### WORK REQUIRED
The answer must consist solely of the lines below starting at the one containing "К велопробегу также" and ending at the one containing "I made a smoothie", repeated exactly, with both ends included and all pictures omitted.

Records from a data source
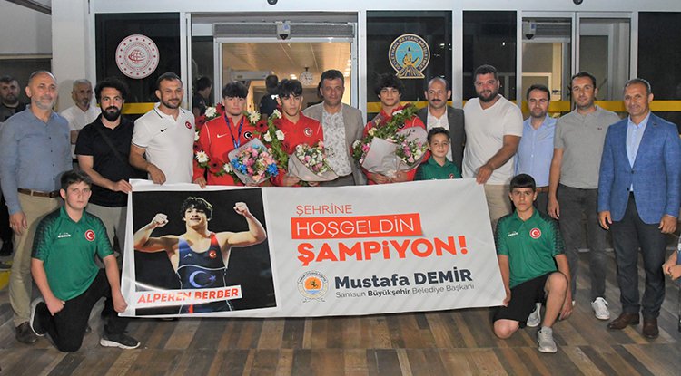 İtalya’da düzenlenen U17 Dünya Güreş Şampiyonası’nda altın madalya kazanan Büyükşehir Belediyespor sporcusu Alperen Berber ile dünya 3’ncüsü İbrahim Özdemir, Samsun’da çiçeklerle karşılandı.
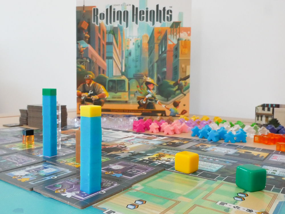 En Rolling Heights, harás «rodar» a los trabajadores que representan tu mano de obra. Aquellos que aterricen de pie te otorgan acciones especiales y materiales de construcción, mientras que los que queden tumbados no te otorgan nada. Siempre podrás tentar a la suerte y lanzar de nuevo, pero podrás perder valiosos materiales que son necesarios para construir nuevos edificios. Completar edificios te otorga prestigio, así como nuevos trabajadores que te ayudarán a construir edificios aún más altos, como los rascacielos.
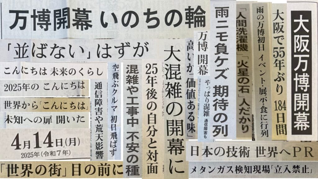 大阪・関西開幕翌日の4月14日、東京の新聞6紙で万博に関連する記事は取っておきました。見ながら懐かしく思い出に浸っています。新聞の見出しは、
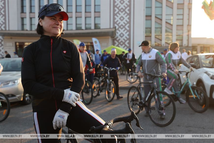 К велопробегу также присоединилась председатель Белорусской федерации велосипедного спорта, государственный тренер по велоспорту заслуженный мастер спорта Беларуси Наталья Цилинская.
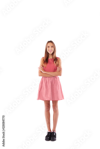 © ArtFamily, Fototapeta premium Positive teenager with arms folded on chest over white studio ba
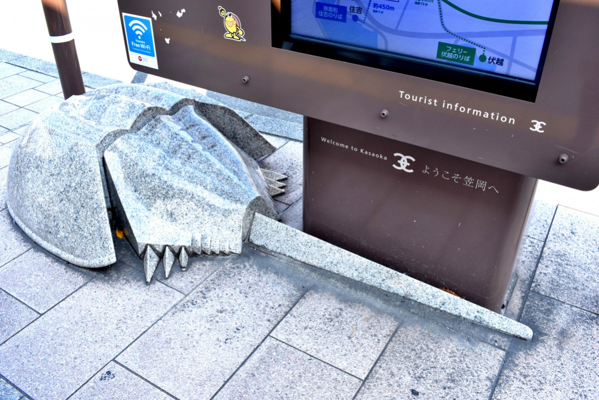 砂はどこですか?カブトガニ像(笠岡市/JR笠岡駅前)
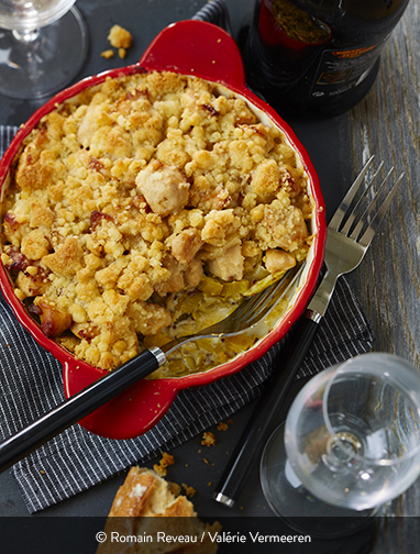 Parce qu’il n’y a pas que le fondant au chocolat et son coulis de fruits rouges pour faire craquer sa moitié ! Le poulet sait aussi se faire craquant avec sa robe en crumble et fondant avec ses poireaux et oignons…
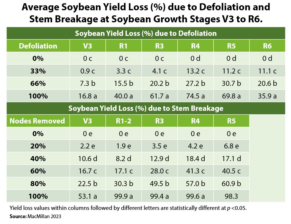 - Hail continues to hit select areas of the province. If your soybeans have been hit by hail, estimate yield loss using the latest research reports from the soybean and pulse agronomy lab. The R5 growth stage is the most susceptible and maturity may be delayed. Yield loss estimates due to defoliation and node breakage from hail →
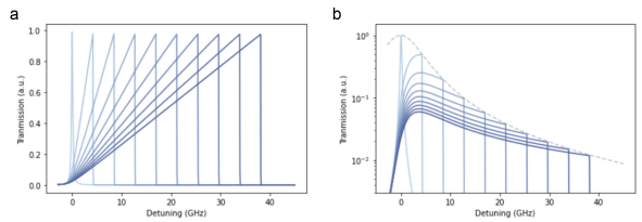 圖S3:隔離器模型。a.熱拉隔離環(huán)正向傳動。藍(lán)色越深,輸入功率越高。b.熱拉隔離環(huán)反向傳動。深藍(lán)色代表更高的泵功率。由于失諧隨輸入功率的增加而增加,我們期望看到在每個功率級別上具有最大失諧的洛倫茲傳輸,如虛線所示。
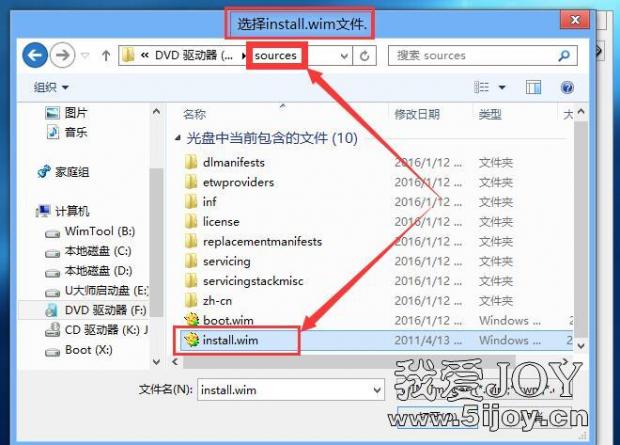 5、弹出的文件文件打开位置,双击刚才挂载好的光驱驱动器,进入sources目录,选中install.wim文件,点打开。
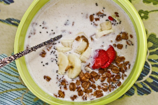 I made a smoothie with greek yogurt (about a cup), banana, oats and coconut water since we had no milk. Worked pretty well! Plus more banana, Uncle Sam Strawberry, chia seeds and Sunbutter on top.
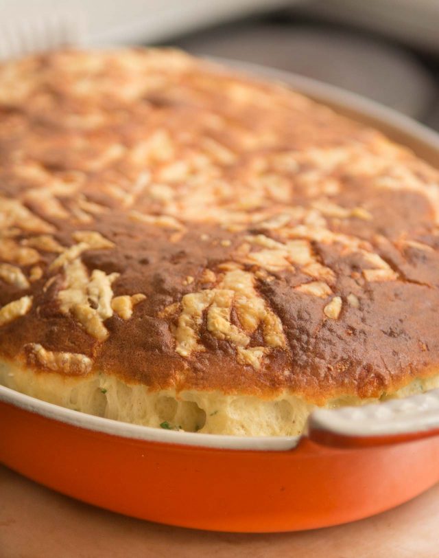 Even though I now have a collection of French soufflรฉ molds Iโve picked up at flea markets, these days I prefer to use an oven-proof shallow baking dish when I make a soufflรฉ. Why? Because I like the ratio of crust-to-filling better in a wider dish, and the soufflรฉ also tends to bake more evenly, and is easier to serve as well.
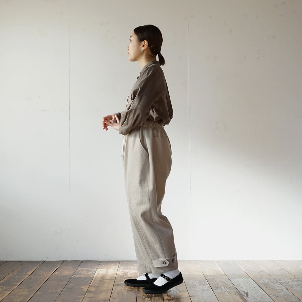 裾のタブをボタンで留めるディテールを施しています。ボタンを付け替えることで、さらに裾しぼみのシルエットになります。
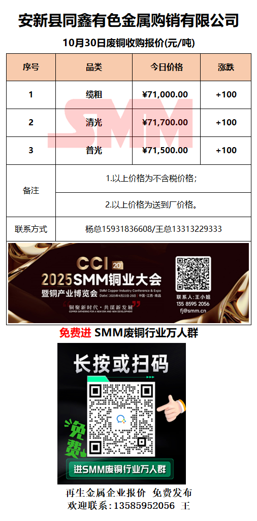 10月30日安新同鑫 废铜采购报价
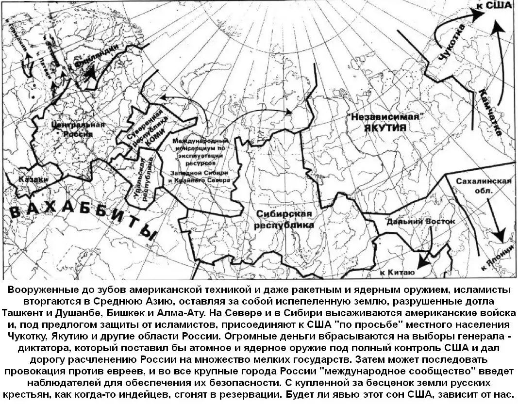 Для американских аналитиков вопрос, останется ли Сибирь русской вообще, уже не стоит. Американские стратеги видят сегодня основную геополитическую альтернативу: Россия уступает Соединенным Штатам Сибирь, и Америка получает "опорные территории" на континенте, а вместе с ними и абсолютное господство в Евразии. Поэтому мирное вторжение Америки в Сибирь и создание вследствие этого "нового мирового порядка" - реалии очень недалекого будущего. Но по мнению американцев, если Россия будет сопротивляться, то Сибирь отдадут Китаю и будут после со стороны наблюдать, как китайцы и русские в кровавой мясорубке уменьшают количество своего населения.
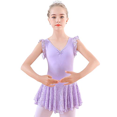 Soudittur Maillot de Ballet Niña Vestido de Danza Baile Tutú Leotardo Algodón Gimnasia Clásico Sin Mangas con Faldas de Encaje en Morado (10-11 Años)
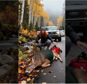 Everyone who saw the scene felt their hearts skip a beat. The car was moving fast, and the deer were frozen in the middle of the road, too afraid to move. People gasped, expecting the worst. For a moment, time seemed to stop, and tragedy looked unavoidable. But among the bystanders, there was one woman whose reaction changed everything.

### RESPONSE TO THIS TASK
 К велопробегу также присоединилась председатель Белорусской федерации велосипедного спорта, государственный тренер по велоспорту заслуженный мастер спорта Беларуси Наталья Цилинская.
 © ArtFamily, Fototapeta premium Positive teenager with arms folded on chest over white studio ba
 砂はどこですか?カブトガニ像(笠岡市/JR笠岡駅前)
 Parce qu’il n’y a pas que le fondant au chocolat et son coulis de fruits rouges pour faire craquer sa moitié ! Le poulet sait aussi se faire craquant avec sa robe en crumble et fondant avec ses poireaux et oignons…
 - Hail continues to hit select areas of the province. If your soybeans have been hit by hail, estimate yield loss using the latest research reports from the soybean and pulse agronomy lab. The R5 growth stage is the most susceptible and maturity may be delayed. Yield loss estimates due to defoliation and node breakage from hail →
 圖S3:隔離器模型。a.熱拉隔離環(huán)正向傳動。藍(lán)色越深,輸入功率越高。b.熱拉隔離環(huán)反向傳動。深藍(lán)色代表更高的泵功率。由于失諧隨輸入功率的增加而增加,我們期望看到在每個功率級別上具有最大失諧的洛倫茲傳輸,如虛線所示。
 5、弹出的文件文件打开位置,双击刚才挂载好的光驱驱动器,进入sources目录,选中install.wim文件,点打开。
 I made a smoothie with greek yogurt (about a cup), banana, oats and coconut water since we had no milk. Worked pretty well! Plus more banana, Uncle Sam Strawberry, chia seeds and Sunbutter on top.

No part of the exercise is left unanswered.